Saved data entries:
----------

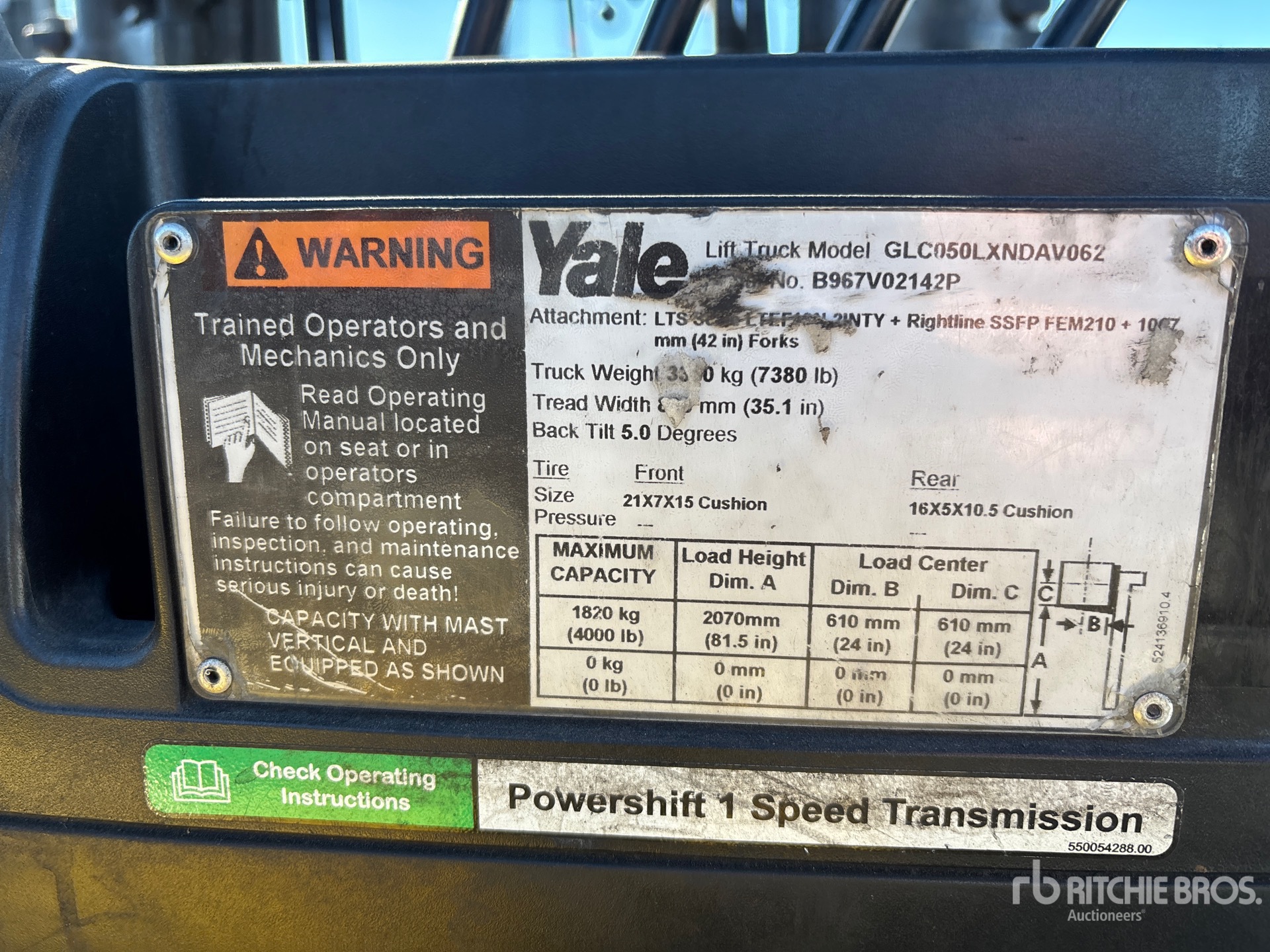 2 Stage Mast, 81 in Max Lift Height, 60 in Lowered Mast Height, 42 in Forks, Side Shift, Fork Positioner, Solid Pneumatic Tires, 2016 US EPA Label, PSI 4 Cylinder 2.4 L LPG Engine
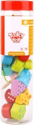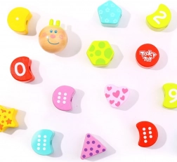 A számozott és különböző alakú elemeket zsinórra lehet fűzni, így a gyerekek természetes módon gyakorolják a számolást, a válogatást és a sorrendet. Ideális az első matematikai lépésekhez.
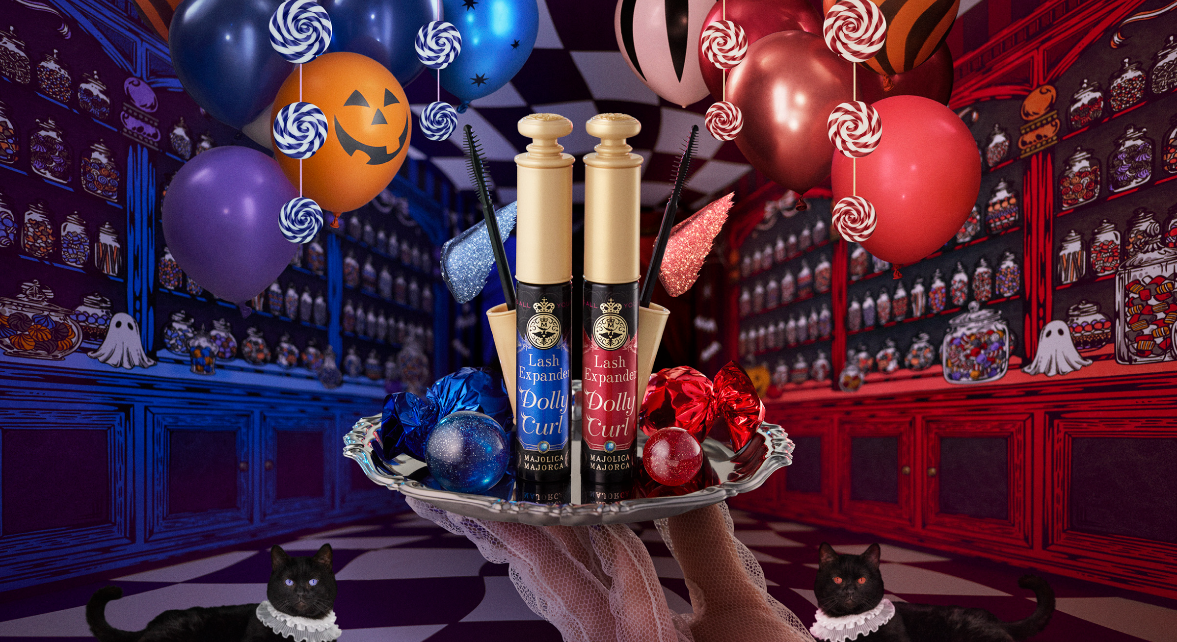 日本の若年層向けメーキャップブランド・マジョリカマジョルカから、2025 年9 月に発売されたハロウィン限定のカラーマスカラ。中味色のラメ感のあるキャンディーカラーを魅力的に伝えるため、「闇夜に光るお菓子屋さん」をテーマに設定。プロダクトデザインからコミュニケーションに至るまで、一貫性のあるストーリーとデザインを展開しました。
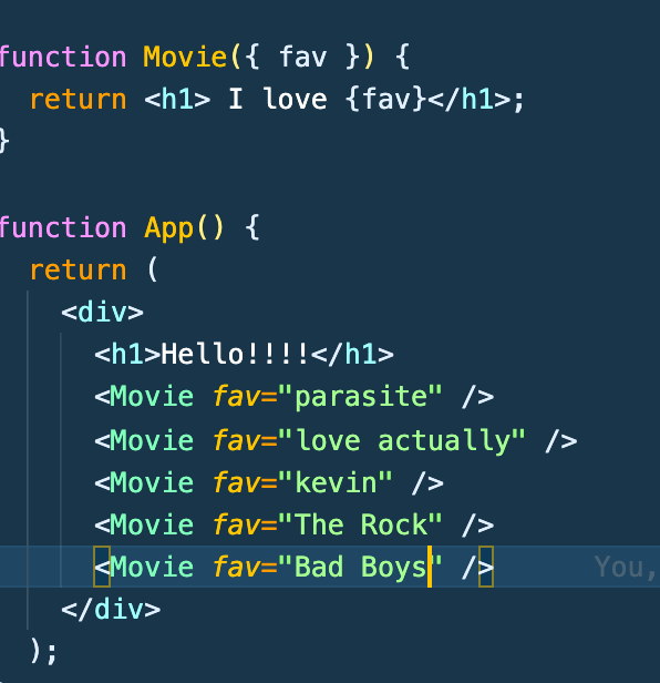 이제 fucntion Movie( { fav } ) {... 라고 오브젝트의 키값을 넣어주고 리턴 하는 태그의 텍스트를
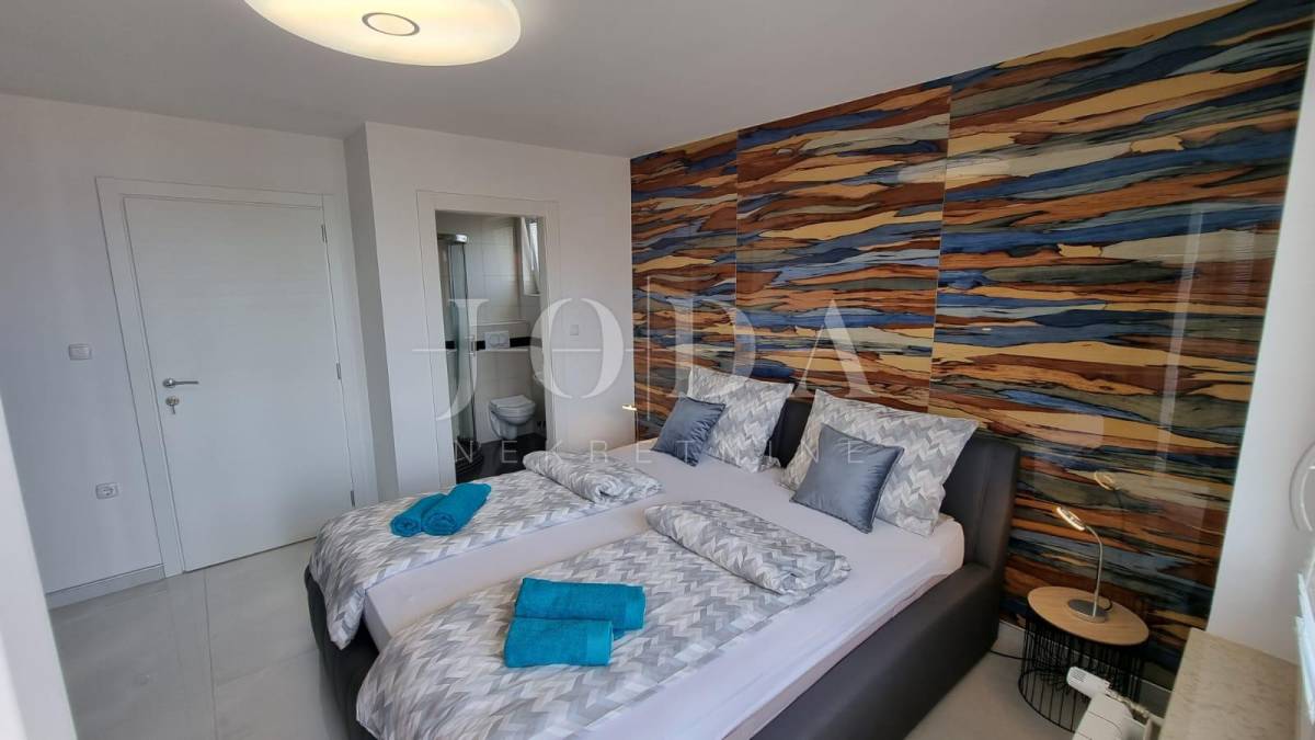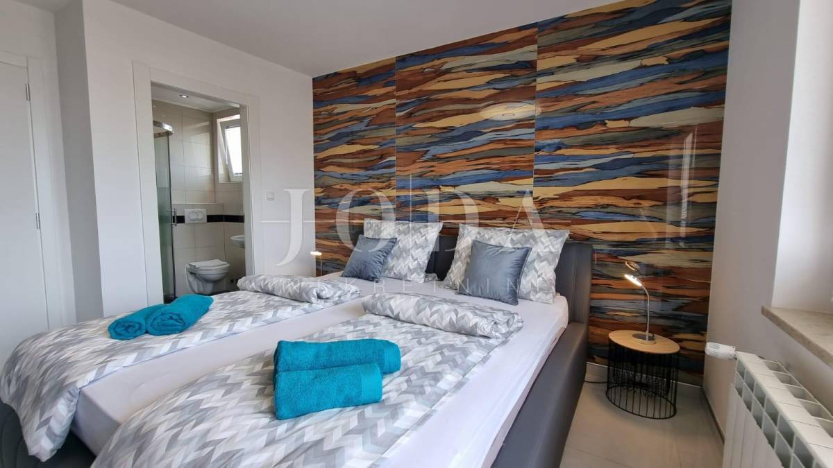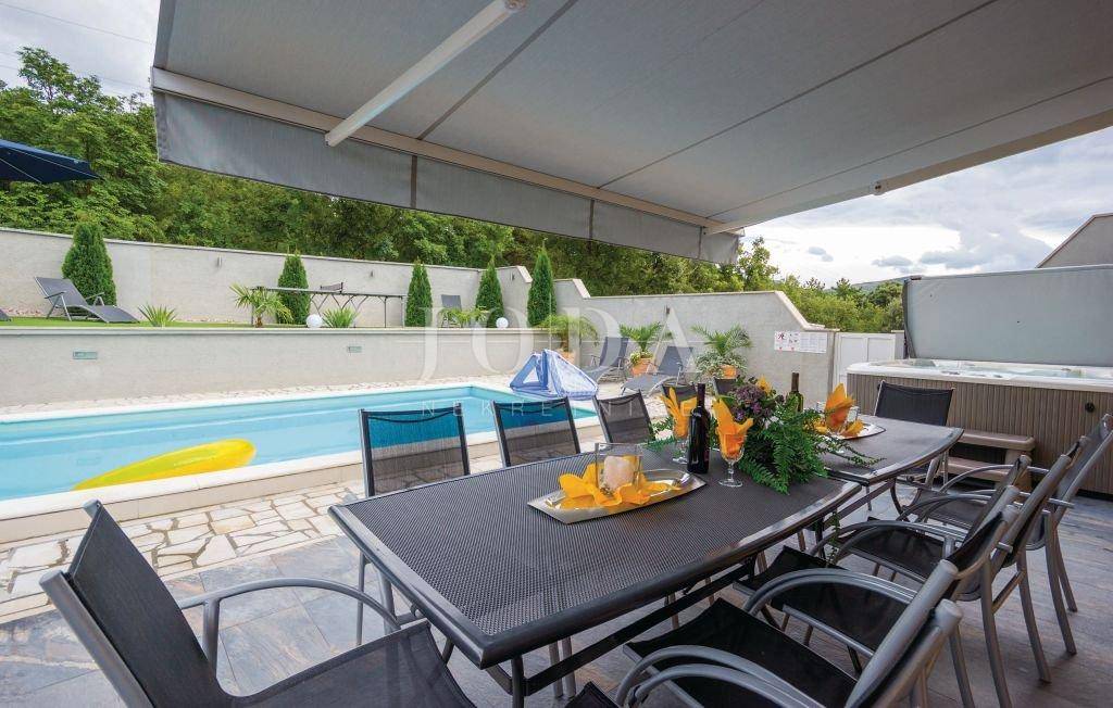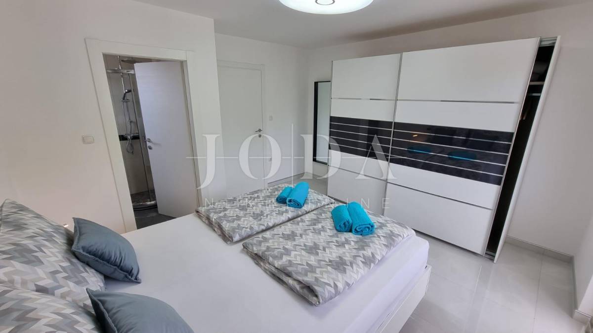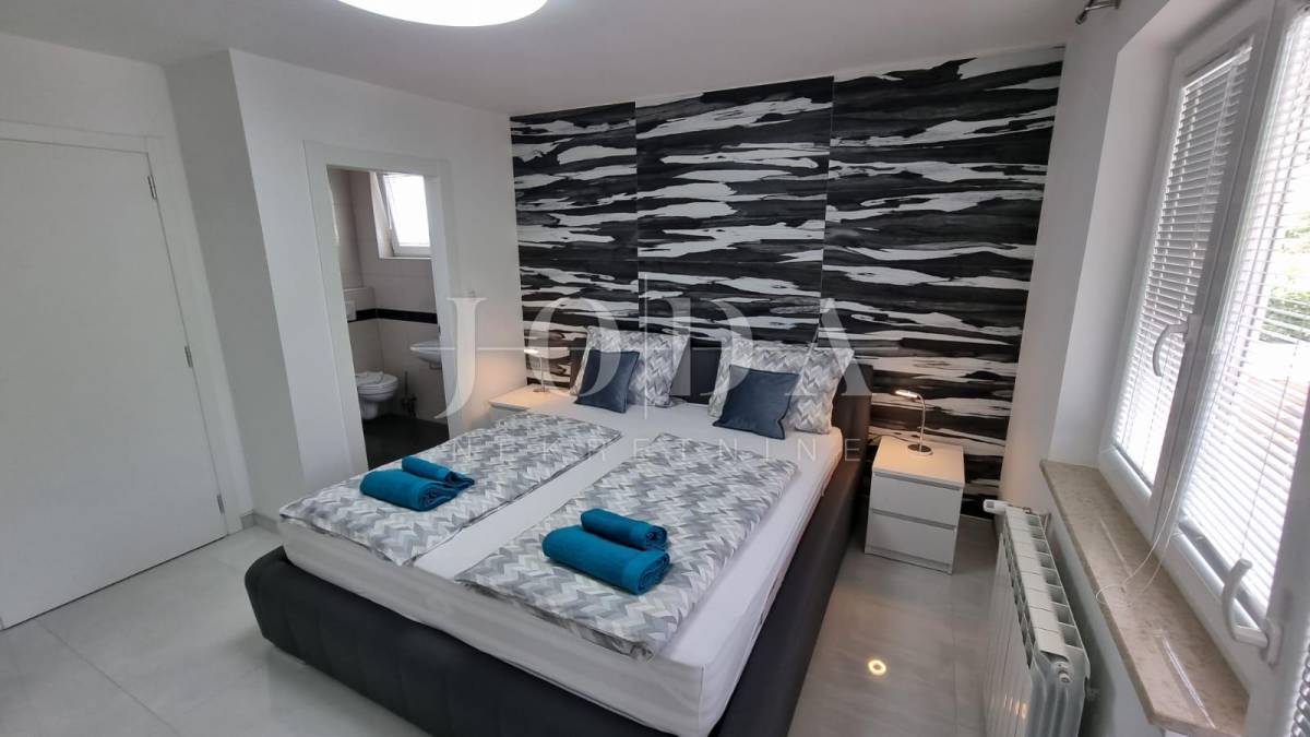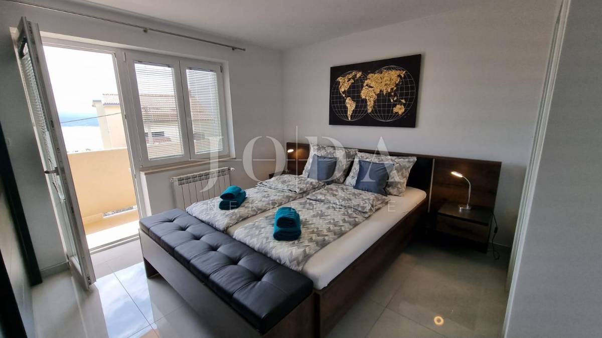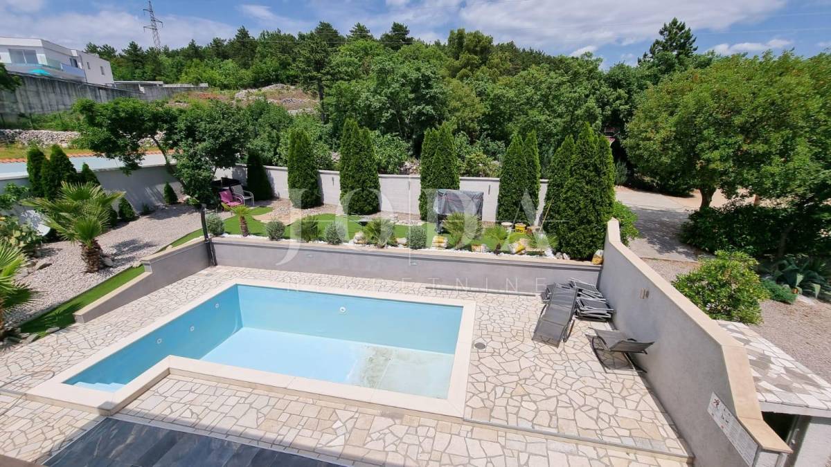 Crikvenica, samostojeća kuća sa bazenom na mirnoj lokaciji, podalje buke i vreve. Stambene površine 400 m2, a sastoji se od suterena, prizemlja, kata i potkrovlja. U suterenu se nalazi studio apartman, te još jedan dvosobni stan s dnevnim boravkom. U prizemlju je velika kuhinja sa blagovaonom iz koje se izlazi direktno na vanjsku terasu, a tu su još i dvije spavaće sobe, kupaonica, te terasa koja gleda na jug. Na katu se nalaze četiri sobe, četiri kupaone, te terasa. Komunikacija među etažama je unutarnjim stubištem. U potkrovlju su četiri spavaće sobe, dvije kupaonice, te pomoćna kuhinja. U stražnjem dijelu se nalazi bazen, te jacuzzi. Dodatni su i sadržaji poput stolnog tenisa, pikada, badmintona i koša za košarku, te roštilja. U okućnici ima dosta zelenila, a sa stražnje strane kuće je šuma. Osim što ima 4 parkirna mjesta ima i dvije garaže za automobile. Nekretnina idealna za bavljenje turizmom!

----------

• _WORK REQUEST_: Above are the records; transcribe them exactly without the pictures.

• _WRITTEN RESPONSE_:
 2 Stage Mast, 81 in Max Lift Height, 60 in Lowered Mast Height, 42 in Forks, Side Shift, Fork Positioner, Solid Pneumatic Tires, 2016 US EPA Label, PSI 4 Cylinder 2.4 L LPG Engine
 A számozott és különböző alakú elemeket zsinórra lehet fűzni, így a gyerekek természetes módon gyakorolják a számolást, a válogatást és a sorrendet. Ideális az első matematikai lépésekhez.
 日本の若年層向けメーキャップブランド・マジョリカマジョルカから、2025 年9 月に発売されたハロウィン限定のカラーマスカラ。中味色のラメ感のあるキャンディーカラーを魅力的に伝えるため、「闇夜に光るお菓子屋さん」をテーマに設定。プロダクトデザインからコミュニケーションに至るまで、一貫性のあるストーリーとデザインを展開しました。
 이제 fucntion Movie( { fav } ) {... 라고 오브젝트의 키값을 넣어주고 리턴 하는 태그의 텍스트를
 Crikvenica, samostojeća kuća sa bazenom na mirnoj lokaciji, podalje buke i vreve. Stambene površine 400 m2, a sastoji se od suterena, prizemlja, kata i potkrovlja. U suterenu se nalazi studio apartman, te još jedan dvosobni stan s dnevnim boravkom. U prizemlju je velika kuhinja sa blagovaonom iz koje se izlazi direktno na vanjsku terasu, a tu su još i dvije spavaće sobe, kupaonica, te terasa koja gleda na jug. Na katu se nalaze četiri sobe, četiri kupaone, te terasa. Komunikacija među etažama je unutarnjim stubištem. U potkrovlju su četiri spavaće sobe, dvije kupaonice, te pomoćna kuhinja. U stražnjem dijelu se nalazi bazen, te jacuzzi. Dodatni su i sadržaji poput stolnog tenisa, pikada, badmintona i koša za košarku, te roštilja. U okućnici ima dosta zelenila, a sa stražnje strane kuće je šuma. Osim što ima 4 parkirna mjesta ima i dvije garaže za automobile. Nekretnina idealna za bavljenje turizmom!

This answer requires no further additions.